Okay, I can't believe I'm sitting here dissecting this, but I can't quite stop thinking about it. Last night, Stephen Colbert announced his plans to run for president. Thus far, he only intends to run in the state of South Carolina as South Carolina's "favorite son" on both the Republican and Democratic ballots. The NY Times ran a little article today that basically states that, whatever Colbert's ultimate intentions, his television staff is apparently serious about getting him on both the Republican and Democratic ballots.
Colbert could possibly face problems getting on the Democratic ballot, which requires candidates to be approved by the executive council of South Carolina's Democratic Party. Assuming he does get on the ballot, I think he might cause problems for the netroots' "favorite son," Barack Obama, since presumably, Colbert will pull from the internet savvy, young middle class vote that Obama traditionally does well with.

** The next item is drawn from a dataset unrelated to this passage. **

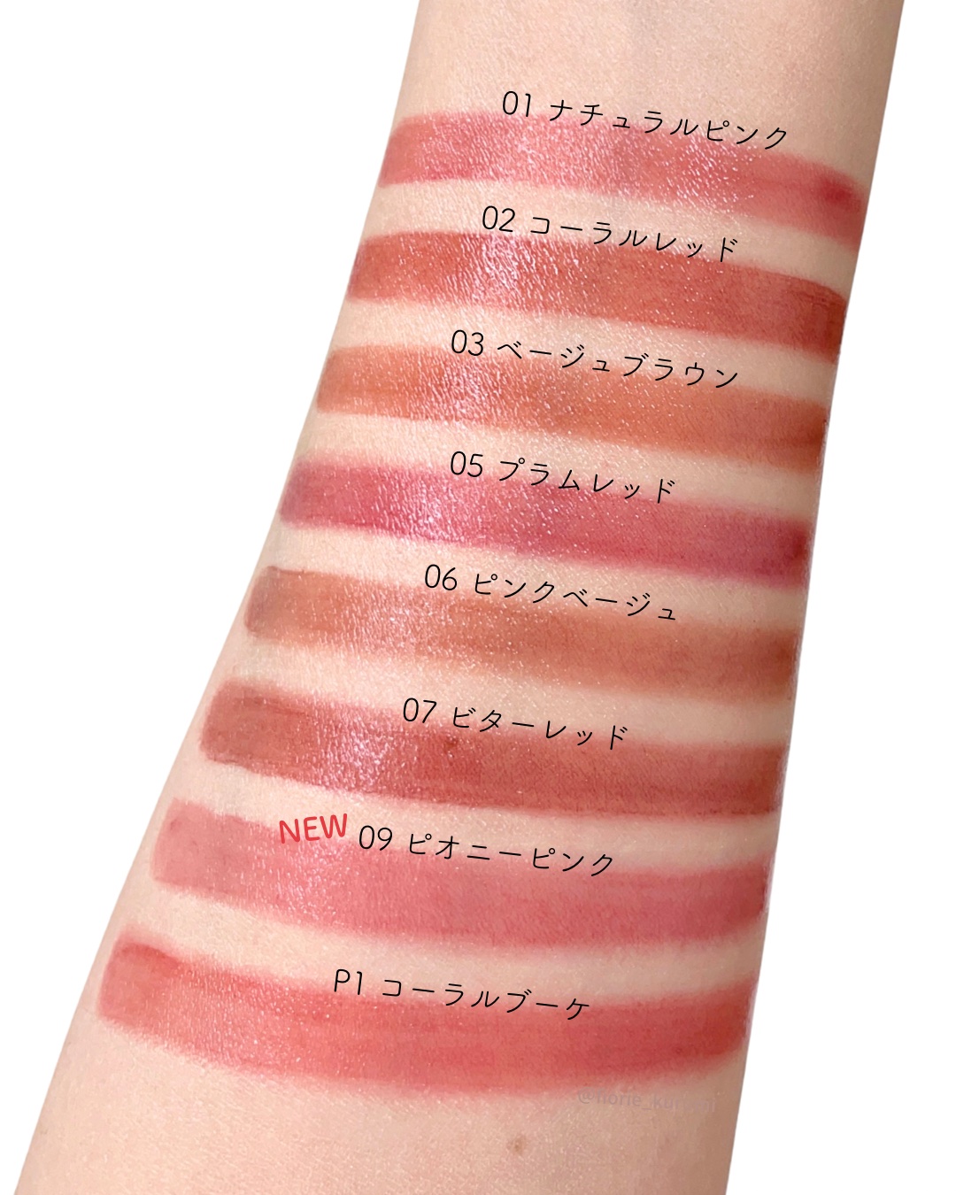 - <01 ナチュラルピンク> 水、ダイマージリノール酸(フィトステリル/イソステアリル/セチル/ステアリル/ベヘニル)、ダイマージリノール酸ダイマージリノレイル、ジフェニルシロキシフェニルトリメチコン、オクチルドデカノール、ラウロイルグルタミン酸ジ(フィトステリル/オクチルドデシル)、水添ポリイソブテン、BG、ジフェニルジメチコン、セテス-10、グリセリン、エタノール、セチルPEG/PPG-10/1ジメチコン、(アクリル酸ヒドロキシエチル/アクリロイルジメチルタウリンNa)コポリマー、イソヘキサデカン、フェノキシエタノール、メチルパラベン、トコフェロール、ポリソルベート60、エチルパラベン、デヒドロ酢酸Na、リン酸2Na、リン酸Na、イソステアリン酸ソルビタン、シメチコン、スクワラン、ハチミツ、ステアリン酸ソルビタン、ステアリン酸グリセリル、ローヤルゼリーエキス、オレイン酸ポリグリセリル-10、セルロースガム、ヒアルロン酸Na、ローズマリー葉エキス、カミツレ花エキス、水溶性コラーゲン、クエン酸、クエン酸Na、(+/-)ジカプリン酸ネオペンチルグリコール、トリイソステアリン酸ポリグリセリル-2、酸化チタン、マイカ、赤227、黄4、青1、水酸化Al、ポリアスパラギン酸Na、シリカ、キサンタンガム、EDTA-2Na、酸化鉄、PVP <02 コーラルレッド> 水、ダイマージリノール酸(フィトステリル/イソステアリル/セチル/ステアリル/ベヘニル)、ダイマージリノール酸ダイマージリノレイル、ジフェニルシロキシフェニルトリメチコン、オクチルドデカノール、ラウロイルグルタミン酸ジ(フィトステリル/オクチルドデシル)、水添ポリイソブテン、BG、ジフェニルジメチコン、セテス-10、グリセリン、エタノール、セチルPEG/PPG-10/1ジメチコン、(アクリル酸ヒドロキシエチル/アクリロイルジメチルタウリンNa)コポリマー、イソヘキサデカン、フェノキシエタノール、メチルパラベン、トコフェロール、ポリソルベート60、エチルパラベン、デヒドロ酢酸Na、リン酸2Na、リン酸Na、イソステアリン酸ソルビタン、シメチコン、スクワラン、ハチミツ、ステアリン酸ソルビタン、ステアリン酸グリセリル、ローヤルゼリーエキス、オレイン酸ポリグリセリル-10、セルロースガム、ヒアルロン酸Na、ローズマリー葉エキス、カミツレ花エキス、水溶性コラーゲン、クエン酸、クエン酸Na、(+/-)ジカプリン酸ネオペンチルグリコール、トリイソステアリン酸ポリグリセリル-2、酸化チタン、マイカ、赤227、黄4、青1、水酸化Al、ポリアスパラギン酸Na、シリカ、キサンタンガム、EDTA-2Na、酸化鉄、PVP <03 ベージュブラウン> 水、ダイマージリノール酸(フィトステリル/イソステアリル/セチル/ステアリル/ベヘニル)、ダイマージリノール酸ダイマージリノレイル、ジフェニルシロキシフェニルトリメチコン、オクチルドデカノール、ラウロイルグルタミン酸ジ(フィトステリル/オクチルドデシル)、水添ポリイソブテン、BG、ジフェニルジメチコン、セテス-10、グリセリン、エタノール、セチルPEG/PPG-10/1ジメチコン、(アクリル酸ヒドロキシエチル/アクリロイルジメチルタウリンNa)コポリマー、イソヘキサデカン、フェノキシエタノール、メチルパラベン、トコフェロール、ポリソルベート60、エチルパラベン、デヒドロ酢酸Na、リン酸2Na、リン酸Na、イソステアリン酸ソルビタン、シメチコン、スクワラン、ハチミツ、ステアリン酸ソルビタン、ステアリン酸グリセリル、ローヤルゼリーエキス、オレイン酸ポリグリセリル-10、セルロースガム、ヒアルロン酸Na、ローズマリー葉エキス、カミツレ花エキス、水溶性コラーゲン、クエン酸、クエン酸Na、(+/-)ジカプリン酸ネオペンチルグリコール、トリイソステアリン酸ポリグリセリル-2、酸化チタン、マイカ、赤227、黄4、青1、水酸化Al、ポリアスパラギン酸Na、シリカ、キサンタンガム、EDTA-2Na、酸化鉄、PVP <05 プラムレッド> 水、ダイマージリノール酸(フィトステリル/イソステアリル/セチル/ステアリル/ベヘニル)、ダイマージリノール酸ダイマージリノレイル、ジフェニルシロキシフェニルトリメチコン、オクチルドデカノール、ラウロイルグルタミン酸ジ(フィトステリル/オクチルドデシル)、水添ポリイソブテン、BG、ジフェニルジメチコン、セテス-10、グリセリン、エタノール、セチルPEG/PPG-10/1ジメチコン、(アクリル酸ヒドロキシエチル/アクリロイルジメチルタウリンNa)コポリマー、イソヘキサデカン、フェノキシエタノール、メチルパラベン、トコフェロール、ポリソルベート60、エチルパラベン、デヒドロ酢酸Na、リン酸2Na、リン酸Na、イソステアリン酸ソルビタン、シメチコン、スクワラン、ハチミツ、ステアリン酸ソルビタン、ステアリン酸グリセリル、ローヤルゼリーエキス、オレイン酸ポリグリセリル-10、セルロースガム、ヒアルロン酸Na、ローズマリー葉エキス、カミツレ花エキス、水溶性コラーゲン、クエン酸、クエン酸Na、(+/-)ジカプリン酸ネオペンチルグリコール、トリイソステア

The Republicans don't seem to require candidates to be approved by the party, but they do require a very hefty filing fee. Assuming Colbert pays up (and I wouldn't be surprised if he does) he could easily be on the Republican primary ballot. This is actually more interesting because the Republican primary poll numbers are much tighter. From Rasmussen, Fred Thompson leads Guiliani in South Carolina 24% to 20%. While most of Colbert's supporters are probably Democrats, I think it's possible that Colbert could manage to get a percent or two of the vote in the Republican primary thus throwing South Carolina off kilter. And if Colbert manages to pull from Thompson, Colbert's satircal campaign for president could kill Thompson's campaign.
6 months ago
Yeah, I just don't get why he's doing it. Joke candidates just kinda make me mad. I mean, to be fair, the election is kind of a joke to begin with, but do you really have to make it worse? I'm think Steven Colbert is hilarious, but I'm not sure I think this is really all that funny.